## GIVEN DATA:

==========

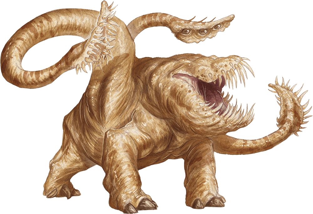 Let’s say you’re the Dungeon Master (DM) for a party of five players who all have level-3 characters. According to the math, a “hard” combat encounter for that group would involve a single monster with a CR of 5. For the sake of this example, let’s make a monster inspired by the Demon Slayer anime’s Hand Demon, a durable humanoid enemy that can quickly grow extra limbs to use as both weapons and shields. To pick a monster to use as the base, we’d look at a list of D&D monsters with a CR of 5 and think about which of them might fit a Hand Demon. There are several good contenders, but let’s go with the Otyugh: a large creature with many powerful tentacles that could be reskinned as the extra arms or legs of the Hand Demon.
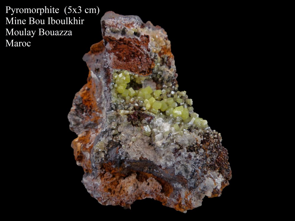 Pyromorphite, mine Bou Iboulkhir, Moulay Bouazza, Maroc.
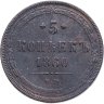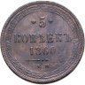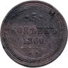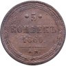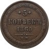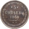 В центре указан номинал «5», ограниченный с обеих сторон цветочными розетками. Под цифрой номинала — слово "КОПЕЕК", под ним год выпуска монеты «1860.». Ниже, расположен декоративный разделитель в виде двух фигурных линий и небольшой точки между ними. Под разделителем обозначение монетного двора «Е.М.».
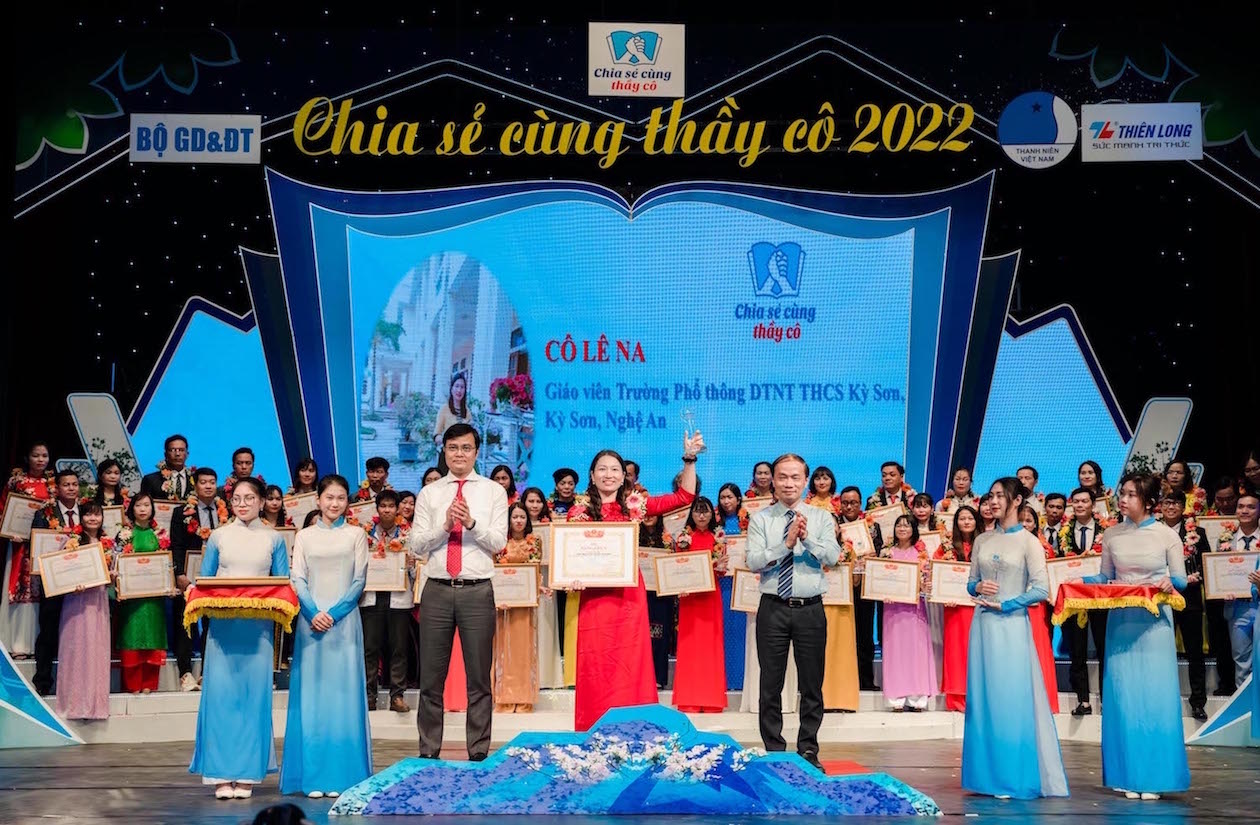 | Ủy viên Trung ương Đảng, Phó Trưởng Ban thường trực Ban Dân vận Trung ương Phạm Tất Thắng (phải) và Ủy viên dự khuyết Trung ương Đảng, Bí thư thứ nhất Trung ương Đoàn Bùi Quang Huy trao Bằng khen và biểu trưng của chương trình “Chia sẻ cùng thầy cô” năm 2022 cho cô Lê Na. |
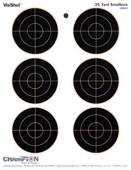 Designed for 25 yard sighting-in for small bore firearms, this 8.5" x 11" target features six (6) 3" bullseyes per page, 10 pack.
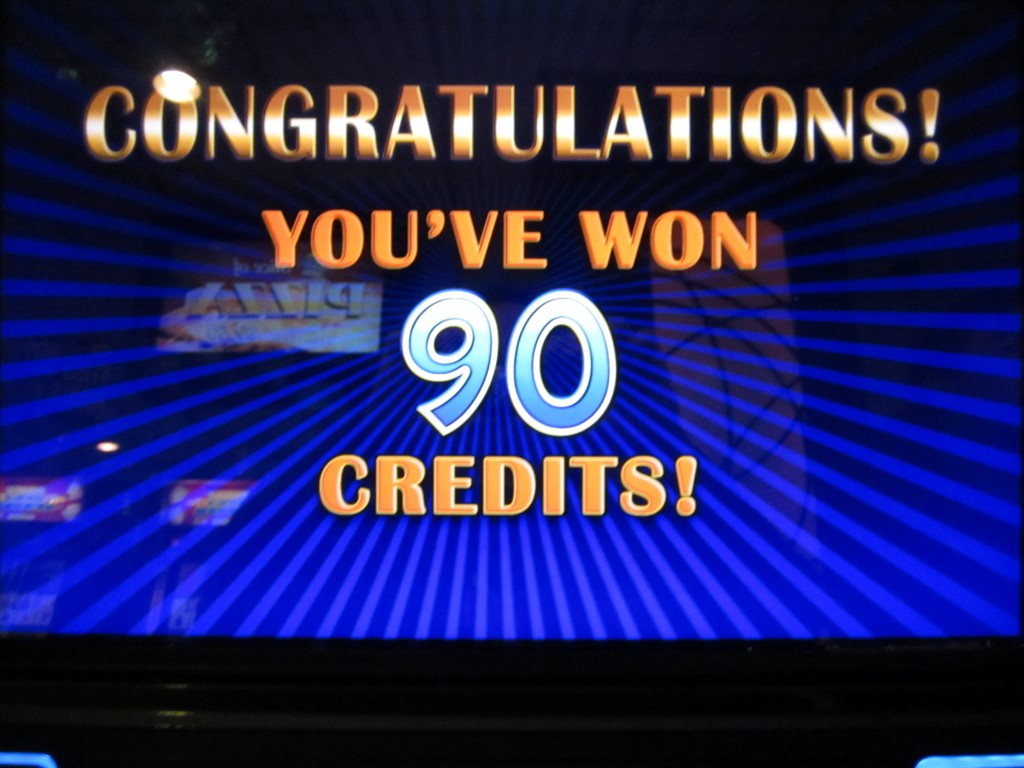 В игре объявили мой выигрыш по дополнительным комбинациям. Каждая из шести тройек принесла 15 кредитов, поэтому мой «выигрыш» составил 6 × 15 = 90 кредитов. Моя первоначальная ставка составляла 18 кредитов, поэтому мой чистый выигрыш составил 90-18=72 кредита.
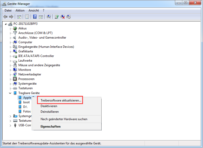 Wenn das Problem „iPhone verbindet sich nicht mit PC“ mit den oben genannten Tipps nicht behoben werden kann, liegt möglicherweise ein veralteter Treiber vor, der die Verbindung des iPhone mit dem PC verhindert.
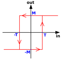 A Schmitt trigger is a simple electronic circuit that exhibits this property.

==========

## WHAT THE EXERCISE ASKS:
Set down all records verbatim, omitting images.

## ANSWER SPACE:
 Let’s say you’re the Dungeon Master (DM) for a party of five players who all have level-3 characters. According to the math, a “hard” combat encounter for that group would involve a single monster with a CR of 5. For the sake of this example, let’s make a monster inspired by the Demon Slayer anime’s Hand Demon, a durable humanoid enemy that can quickly grow extra limbs to use as both weapons and shields. To pick a monster to use as the base, we’d look at a list of D&D monsters with a CR of 5 and think about which of them might fit a Hand Demon. There are several good contenders, but let’s go with the Otyugh: a large creature with many powerful tentacles that could be reskinned as the extra arms or legs of the Hand Demon.
 Pyromorphite, mine Bou Iboulkhir, Moulay Bouazza, Maroc.
 В центре указан номинал «5», ограниченный с обеих сторон цветочными розетками. Под цифрой номинала — слово "КОПЕЕК", под ним год выпуска монеты «1860.». Ниже, расположен декоративный разделитель в виде двух фигурных линий и небольшой точки между ними. Под разделителем обозначение монетного двора «Е.М.».
 | Ủy viên Trung ương Đảng, Phó Trưởng Ban thường trực Ban Dân vận Trung ương Phạm Tất Thắng (phải) và Ủy viên dự khuyết Trung ương Đảng, Bí thư thứ nhất Trung ương Đoàn Bùi Quang Huy trao Bằng khen và biểu trưng của chương trình “Chia sẻ cùng thầy cô” năm 2022 cho cô Lê Na. |
 Designed for 25 yard sighting-in for small bore firearms, this 8.5" x 11" target features six (6) 3" bullseyes per page, 10 pack.
 В игре объявили мой выигрыш по дополнительным комбинациям. Каждая из шести тройек принесла 15 кредитов, поэтому мой «выигрыш» составил 6 × 15 = 90 кредитов. Моя первоначальная ставка составляла 18 кредитов, поэтому мой чистый выигрыш составил 90-18=72 кредита.
 Wenn das Problem „iPhone verbindet sich nicht mit PC“ mit den oben genannten Tipps nicht behoben werden kann, liegt möglicherweise ein veralteter Treiber vor, der die Verbindung des iPhone mit dem PC verhindert.
 A Schmitt trigger is a simple electronic circuit that exhibits this property.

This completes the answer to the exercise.